07/11/04

●昨日の講演の保坂さんの発言について、気になったことをもうちょっと。保坂さんは、「エッセイでは、例えば東京タワーは千代田区にある、と書かれれば、それはすぐに現実と照らし合わせて間違いだということになるけど、小説でそのように書かれた時、それは外の世界との関係ですぐに間違いだとは言えず、一旦その判断が保留されて、その記述が適当であるかどうかは、小説全体によってしか支えられない」ということを言っていた。これを、小説は小説として閉じられた世界で成立する、という風に受け取った人も(質問などを聞くと)いたみたいだけど、それは微妙に違うように思われた。
ここで重要なのは、小説に書かれたことの真偽は直ちには決定できずに保留されるということと、その真偽を支える根拠は小説全体にしか求められないということ、という点にあると思われる。小説を形作る細部と、その細部を組み合わせるメカニズムとの関係によってしか、「東京タワーは千代田区にある」という記述の真偽は検証され得ない。そのことが、小説に書かれたことは、小説内の世界として成り立てば良いということと微妙に違うのは、「小説内の世界」などという安定したフレームが事前に想定されるのではなく、ある記述を保留し保持したままで読み進める時間のなかでは頼るべきものが何もない、ということなのではないか。ある記述に対する真偽の判断は、現実(小説の外)の規則によっても虚構内の規則によってもすぐには決定されず、決定されないからこそ、そこに書かれていることのひとつひとつをいちいち「真に受け」て読み進め、それを保持しつづけ、そしてその最終的な決定(しかしそれを「最終」とする保証はどこにもないのだが)は、「いちいち真に受けて読んでいた時間の総体(その時間を経てきた自分の脳-身体)」によって保証され検証されるしかない。(その外の根拠には逃げられない。)だから、真偽の根拠はあくまで「小説の全体」やそのメカニズムにあるのであって、「小説内の世界」にあるのではない、ということなのではないか。
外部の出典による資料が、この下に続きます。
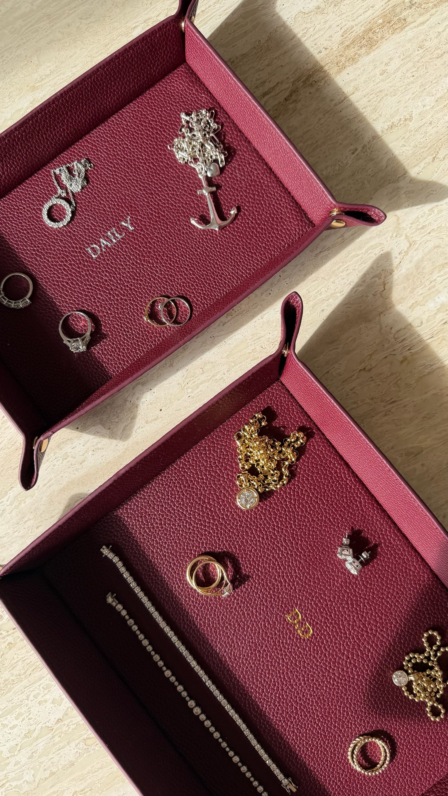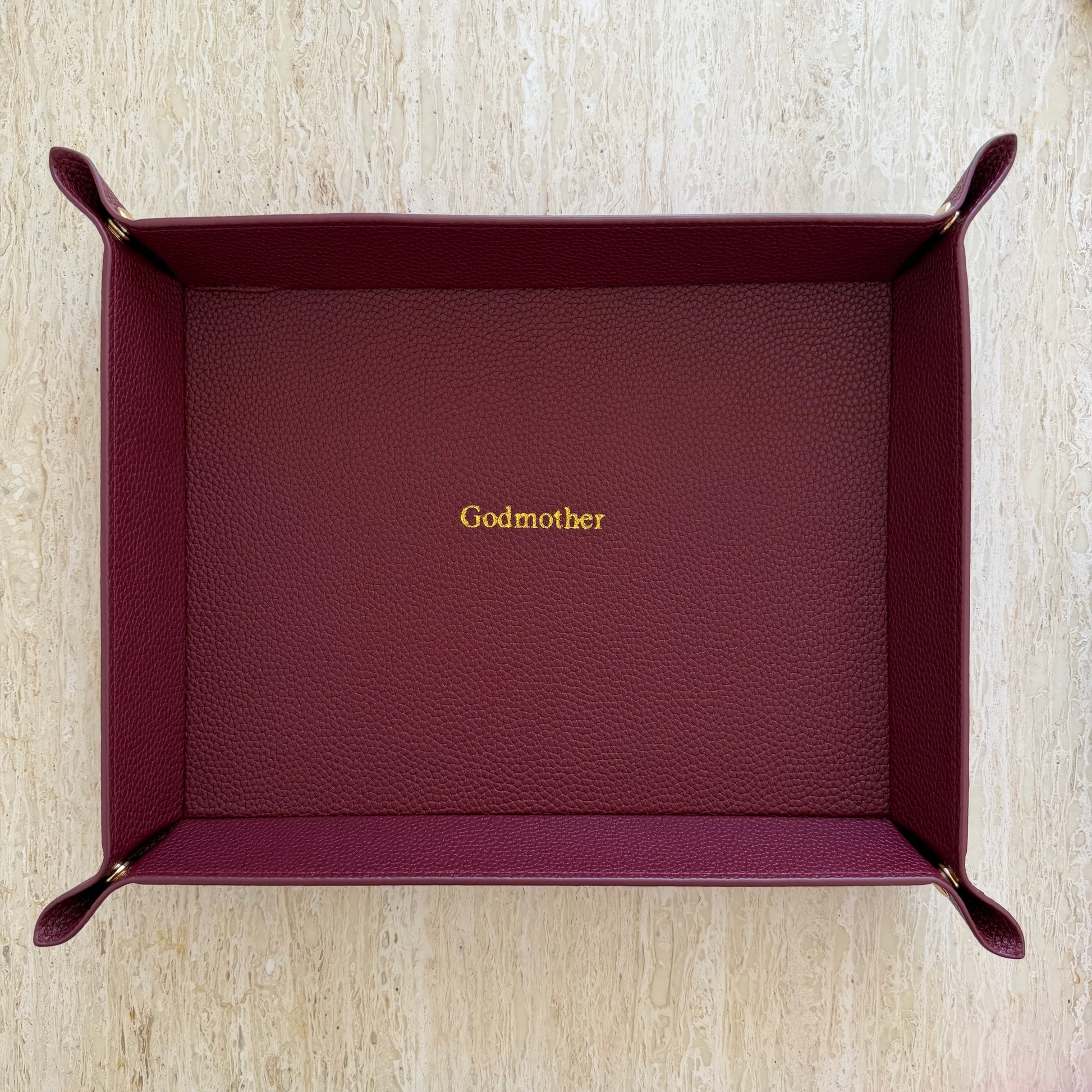Treat yourself (and your trinkets) to our popular pebbled leather trays! Each tray features gold snap closure sides and gold or silver text in the centre.

カンバセイション・ピース』のラストの、綾子の歌は骨になり土になった犬や猫たちにも聞こえていただろう、ということを、そこだけ取り出してオカルトだとも、そうではないとも言えない。それは、この小説を最初から読んできてここにたどり着いたときに、この記述がどのように響くのかによってしか決められない。そしてこの「結果」を、小説全体(最初の文から出発して、そこまでたどり着いたということ)から切り離して「そこ」だけ他で利用することも出来ない。あるいは、『インランド・エンパイア』のラストのダンスのシーンは、そこだけ取り出して観ても、何ということもないものかも知れないが、三時間の迷宮の果てにたどり着くことによって、素晴らしい瞬間となる。(何かを「真に受け」て受けとめるためには、時間を圧縮することが出来ない。)
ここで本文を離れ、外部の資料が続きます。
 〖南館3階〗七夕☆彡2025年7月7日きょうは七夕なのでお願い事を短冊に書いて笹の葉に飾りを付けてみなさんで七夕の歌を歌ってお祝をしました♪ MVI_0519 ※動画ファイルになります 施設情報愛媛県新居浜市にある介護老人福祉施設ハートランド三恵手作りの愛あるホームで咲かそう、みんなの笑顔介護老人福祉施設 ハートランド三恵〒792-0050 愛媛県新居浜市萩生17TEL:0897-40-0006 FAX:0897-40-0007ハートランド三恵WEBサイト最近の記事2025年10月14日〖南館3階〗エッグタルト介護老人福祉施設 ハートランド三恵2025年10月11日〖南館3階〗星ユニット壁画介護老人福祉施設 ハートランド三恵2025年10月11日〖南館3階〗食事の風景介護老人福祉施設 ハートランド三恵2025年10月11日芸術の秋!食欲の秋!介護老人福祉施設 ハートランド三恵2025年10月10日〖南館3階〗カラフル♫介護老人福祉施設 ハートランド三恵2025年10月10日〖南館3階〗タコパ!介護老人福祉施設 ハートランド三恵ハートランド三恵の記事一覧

●ただ、この発言は(ぼくの記憶が正しければ)『マルホランド・ドライブ』のカウボーイのシーンを観て「フィクション観が揺さぶられた」という話からつづいていた。『マルホランド・ドライブ』に出て来る映画監督は、黒幕から指示された主演女優を断ったことで、映画から下ろされるだけでなく全財産も凍結されてしまう。そこで謎のカウボーイと会うことになる。カウボーイは監督に、「人の態度はある程度その人の人生を決める」とかいうような意味のありふれた人生訓を話す。それに適当に相づちをうつ監督に、話を合わせているだけだろう、本気で同意しているのかと問いつめ、心から正しいと思ってると答える監督(だが、態度としては「そういう態度」ではない)にカウボーイは、何を?、と問い返す。すると監督は(やや早口で)、カウボーイが言った人生訓をまったくそのまま録音を再生するように反復する。(だが、日本語の字幕では、カウボーイの言ったことの「意味」を要約して答えたことになってしまっている。)保坂さんはこのシーンを観て「フィクション観が揺さぶられた」と話し、それにつづいて上記の話になった。この二つの話の繋がりというか関係を、ぼくは掴めていない。
とはいえ、ことさらこの二つを関連づける必要はないのかもしれない。この話はこの話として面白いので、書き留めておく。